### Information supplied

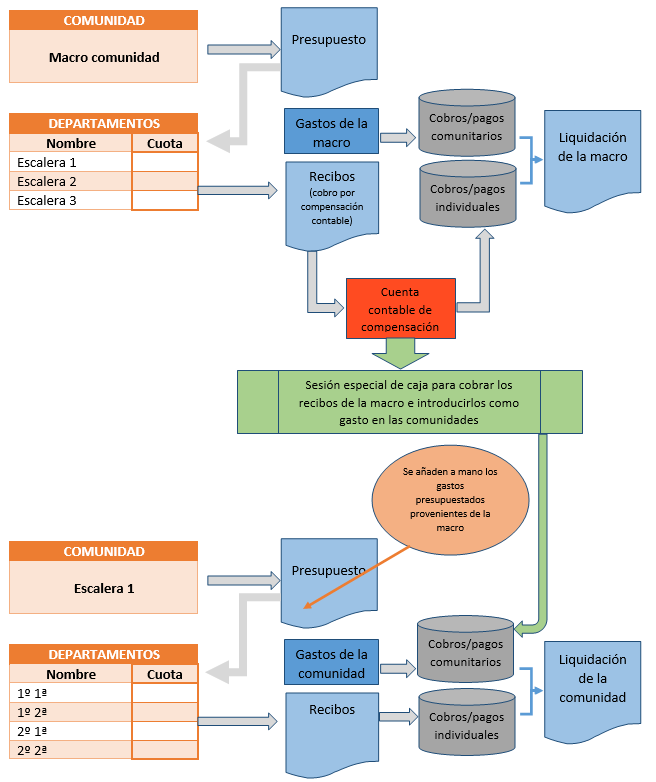 En este documento se expone cómo gestionar una macro-comunidad como si se tratara de una comunidad cualquiera, compuesta por departamentos. Cada comunidad que participa de la macro será un departamento.
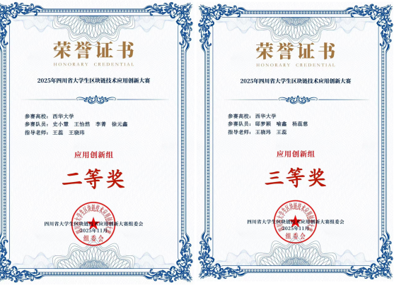 近日,2025年四川省大学生区块链技术应用创新大赛暨川渝大学生区块链技术应用创新大赛圆满落幕。经济学院学子表现优异,斩获应用创新组二等奖1项、三等奖1项,展现出扎实的专业能力与创新水平。
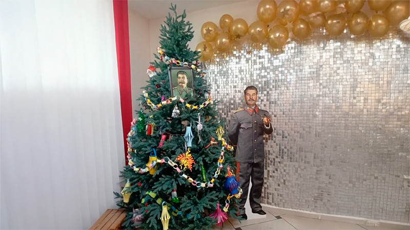 В барнаульском "Сталин-центре" устроили елку в стиле 30-50-х годов со злодеем либералом.
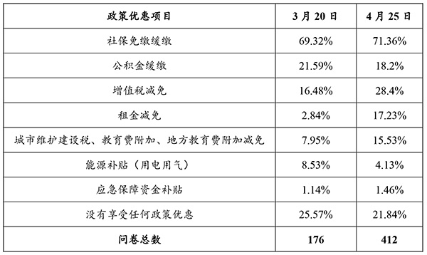 )。调查结果显示,目前社保免缴缓交政策落实的效果较好,两次调研均有70%左右的企业获得了优惠,其次是公积金缓交政策和增值税减免政策,但享受了这些政策的企业也仅有两成左右。从两次调研的结果来看,租金减免政策似乎有了较大的进步,享受到该政策的企业比重从2.84%上升到17.23%(也有可能和样本的偏差有关)。

######

> **Task**
Exact repeats of the lines from the first one in the data through the line containing "со злодеем либералом." make up the answer. Pictures do not.

> **Result**
 En este documento se expone cómo gestionar una macro-comunidad como si se tratara de una comunidad cualquiera, compuesta por departamentos. Cada comunidad que participa de la macro será un departamento.
 近日,2025年四川省大学生区块链技术应用创新大赛暨川渝大学生区块链技术应用创新大赛圆满落幕。经济学院学子表现优异,斩获应用创新组二等奖1项、三等奖1项,展现出扎实的专业能力与创新水平。
 В барнаульском "Сталин-центре" устроили елку в стиле 30-50-х годов со злодеем либералом.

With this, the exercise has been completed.